What type of problems are appropriate for RL? In a recent paper, Crites and Barto [3] have applied RL to the elevator problem defined above and shown that it produces significantly better performance than the best solutions previously available. RL has also been successfully applied in many areas, including process control, scheduling, resource allocation, queuing, and adaptive games. For example, we have applied RL to the problem of channel assignment in cellular telephone systems and shown that it yields better performance than previously available solutions (see Singh and Bertsekas [5]). Zhang and Dietterich [7] have shown similar results in a job-shop scheduling problem, and Tesauro [6] has used RL to develop the world's best computer backgammon player, which is nearly as good as the human champion. Numerous other applications are being presented at this year's Machine Learning and Neural Information Processing Society (NIPS) conferences.

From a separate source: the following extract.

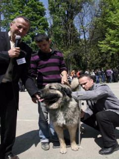 Es ist mir nicht bekannt, ob der 1. Mai als Feiertag im Kosovo die gleiche Bedeutung hat, wie in Deutschland. Aber mindestens der 3. Mai war für den kynologischen Verband des Kosovo, für die zahlreichen Züchter und Halter des Deltari Ilir ein besonderer Tag. An diesem nämlich fand die erste Ausstellung des Verbandes seit seiner Gründung statt. Bisher wurden die Hunde gelegentlich auch schon gezeigt, aber immer in Verbindung mit landwirtschaftlichen Veranstaltungen oder im Rahmen allgemeiner Tierschauen. Am 3. Mai war es anders. Veranstaltet wurde die Schau in Peja im Westen des Kosovo gelegen, mit schätzungsweise 180 000 Einwohnern. Seit einigen Jahren ist die Stadt das „Zentrum“ der Deltari – Zucht. Aber auch taktisch war diese Gemeinde gut gewählt, denn zur Grenze Montenegros sind es nur etwa 10 Kilometer und zur albanischen Grenze ist es auch nicht viel weiter. Für mein Verständnis von einer Ausstellung, oder ihrer Wertigkeit war diese etwas besonderes, davon später mehr. Das kosovarische Fernsehen KTV berichtete über eine wirklich gut besuchte Veranstaltung, wenn man eben berücksichtigt, es war das erste mal Ziemlich genau 120 Deltari Ilir waren gemeldet, davon ca. 20 Hündinnen. Unter den Besuchern drei aus Serbien, was hoffen lässt. Etwa ebenso viele aus Kroatien und Montenegro und selbst Besucher aus Ungarn und Mazedonien wurden begrüßt, genauso wie übrigens serbische Bosniaken. Auf Nachfrage stellte sich heraus, auch Mitarbeiter verschiedener Ministerien ließen sich dieses Spektakel nicht entgehen. Insgesamt waren nach Schätzungen des kynologischen Verbandes über 1000 Besucher nach Peja gekommen, darunter zahlreiche Kinder und denen konnten die Veranstalter die Kinderfreundlichkeit der Hunde an Ort und Stelle „beweisen. Unter den Gästen auch Faruk Aguchi aus Klina, einer der besten Züchter des Landes Viele der Hunde wurden noch nie ausgestellt, daher ergab sich natürlich auch ein Bild der Hunde im Lande, das man bis dahin nicht kannte. Die Wertung Wie schon geschrieben, etwa 120 Deltari wurden gerichtet, aber nicht im Sinne einer herkömmlichen Ausstellung. Denn die Veranstalter und Richter hatten sich etwas anderes ausgedacht. Sie bewerteten alle vorgestellten Hunde mit einer Punktzahl, die sich theoretisch von Null Punkten bis 100 Punkte bewegte. Das heißt dann, Hunde die 90 – 100 Punkte erreichten, gelten als sehr gute Hunde, entsprechend ging die Scala nach unten, je weniger Punkte umso „schlechter“ der Hund. Das besondere daran, mehrere Hunde konnten die Höchstpunktzahl erreichen, denn es sollte keinen Sieger geben. Sondern der „Sinn der Sache“ liegt darin, zu ermitteln, welche Hunde jetzt und zukünftig für die Zucht geeignet sind. Als ich diese Idee das erste mal hörte, war ich begeistert, denn so etwas gab es bisher auf „Ausstellungen“ nicht. Höchstens Körungen sind damit vergleichbar, aber es gehen eben nicht alle Halter zu diesen, auf Ausstellungen aber schon. Bewertet wurden dieses mal unter anderem das Fell, Zähne und die Größe, genauso wie die Bemuskelung der Läufe und deren Länge. Verzichtet hatte man auf eine extra Bewertung des Charakters, da eben viele Aussteller noch nie auf einer solchen Veranstaltung waren und somit das Bild wegen Unerfahrenheit nicht richtig wiedergegeben werden konnte. Sicher eine gute Idee. Genauso, wie die, Hunde einzeln zu bewerten und nicht im Ring mit mehreren Hunden. So blieb viel Zeit für die Richter und jeden Hund, auch wenn es länger dauert. Als Richter arbeiteten Saud Kajtazi aus Peja, Halim Bazda, Muhamet Nikqi und Hadi Petlla. Vermessen wurden die Hunde von Driton Kongjeli. Alles in allem eine sehr interessante Veranstaltung, die sicher Aufschluss gegeben hat über den Stand der Zucht im Kosovo. Natürlich will der Verband an diesen Erfolg anschließen und daher sind weitere Ausstellungen geplant. Zu wünschen ist aus meiner Sicht natürlich, dass man mit dieser Methode der Bewertung weiter macht, denn damit erfasst man sicher mehr Hunde, als wenn es nur um Sieger geht. Übrigens stellten auch serbische Züchter aus, deren Hunde wurden als Sarplaninac bewertet und daher nicht beurteilt. Gastfreundschaft wird auch im Kosovo groß geschrieben, daher lud der kynologische Verband seine Gäste nach der Ausstellung zu einem Mittagessen ein. Der Wirt hat sich sicher gefreut, denn in dem Restaurant fanden sich mehr als hundert Personen ein, kosovarisch das Ganze eben. Gesponsert wurde dieses Essen von den im Ausland lebenden Kosovaren. Na dann guten Appetit, Prost und zum Wohle, oder auf albanisch Ju beft mir, Gezuar und per Shendet Hartmut Deckert Nachsatz Wir bedanken uns bei Artan Bucaj für die Bilder. Er hat uns eine ganze Menge geschickt und die restlichen kommen in unsere Bildergalerie.

When is convergence to an optimal policy guaranteed? Technically, RL will converge for all finite stationary Markov environments. What does that mean? First, it may not work if there are an infinite number of states, because it won't be able to explore them all. Second, it may not work if the environment is constantly changing, although in practice, small slow changes in the environment are accommodated well. Finally, the mathematics break down if the result of an action depends on states other than the current state. These limitations only affect the guarantee of convergence; there are many instances of RL working well despite violating these conditions. These limitations are actively being addressed in current research.

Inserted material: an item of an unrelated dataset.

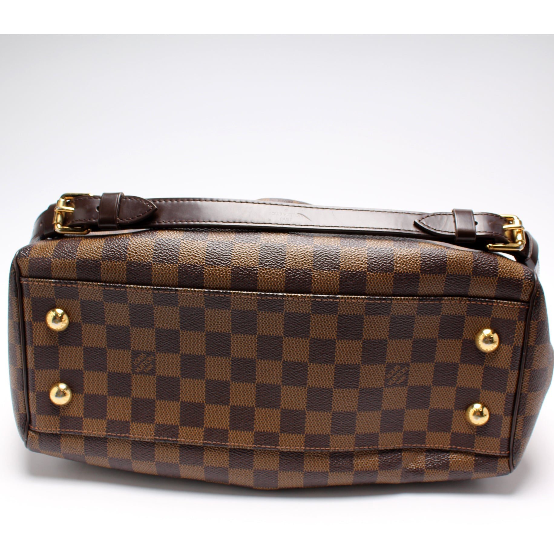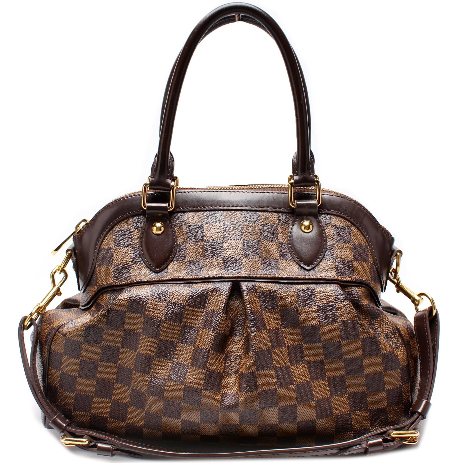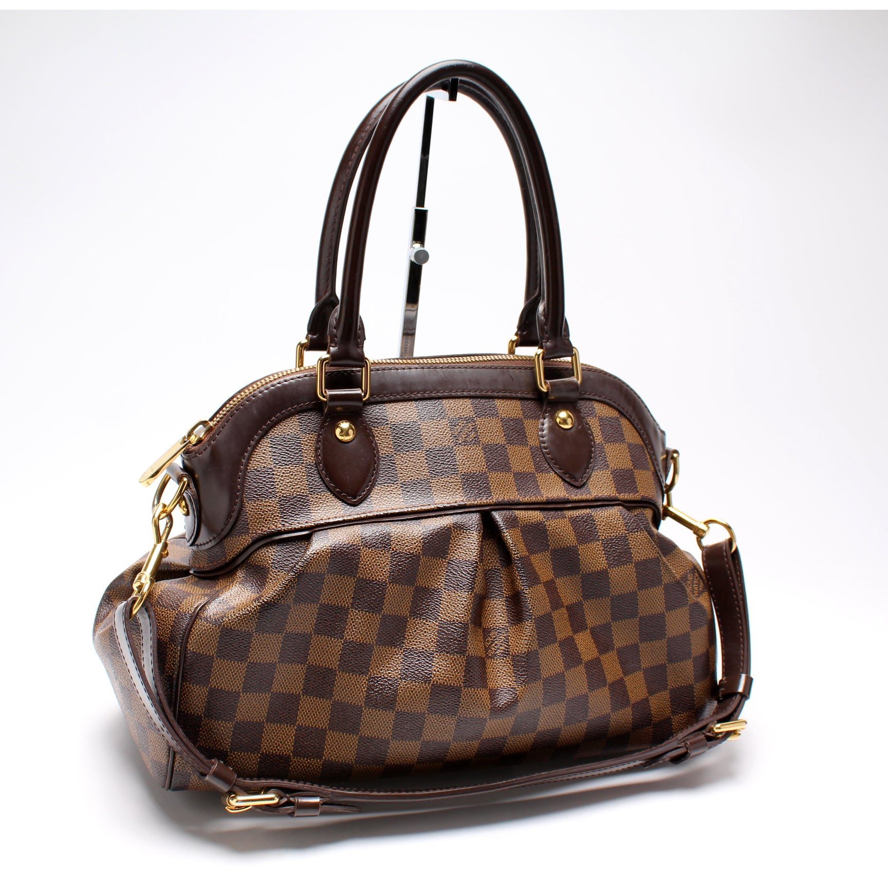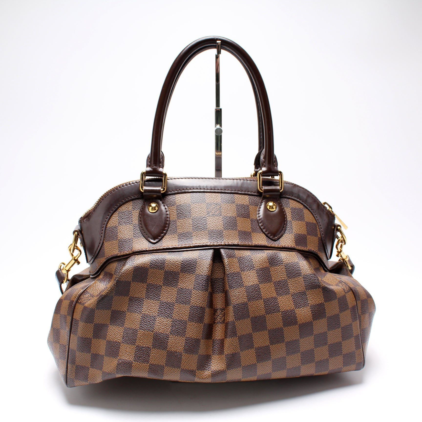Louis Vuitton Trevi GM. The exterior is in the classic Louis Vuitton Damier Ebene coated canvas.Â

Is it sensible to treat all preferences as numeric rewards on a single scale? Theoretically, yes. There is a theorem (North [4]) that if you believe four fairly simple axioms about preferences, then you can derive the existence of a real-valued utility function. (The only mildly controversial axiom is substitutability: that if you prefer A to B, then you must prefer a coin flip between A and C to a coin flip between B and C.) Practically, it depends. Users often find it hard to articulate their preferences as numbers. (Example: you have to design the controller for a nuclear power plant. How many dollars is a human life worth?)

How should the program store the utility function? The utility function maps state-action pairs to real numbers. If the size of the state-action space is small enough, this function can be stored in the form of a table; otherwise, some form of compact function approximation is used. Statisticians have a variety of representations for this purpose: decision trees, polynomial approximations, neural networks, etc. Using such a representation not only saves space, it also gives us generalization: the program can take a sensible action from a state it has never seen before by interpolating or extrapolating from known states.

How much information should be kept as state? In some situations, there may be too many sensors, some of them giving redundant information. Too much information increases the size of the state space needlessly, and makes learning the utility function slower. Progress is being made in techniques to detect and remove redundancy. In other situations, there may be too few sensors. Too little information can prevent learning from making much progress. Memory can be used to augment the limited information in these situations.

What if you don't have a simulation of the elevator problem available? You could use state trajectories obtained by controlling and experimenting with the real elevator system to train the RL solution. In this case, methods for optimal experiment design (in choosing what actions to take) are important, because real life elevators run so much slower than simulations, and because we don't want to alienate passengers as the system is being trained.

How should agents communicate and interact? We designed the elevator solution as a single agent that runs all three elevators. But consider the problem of controlling cars on a freeway. A central controlling agent would be unmanageable --- we would need to use many interacting agents instead. Game theory and economic market theory can be used to extend the RL algorithm to handle these multi-agent situations.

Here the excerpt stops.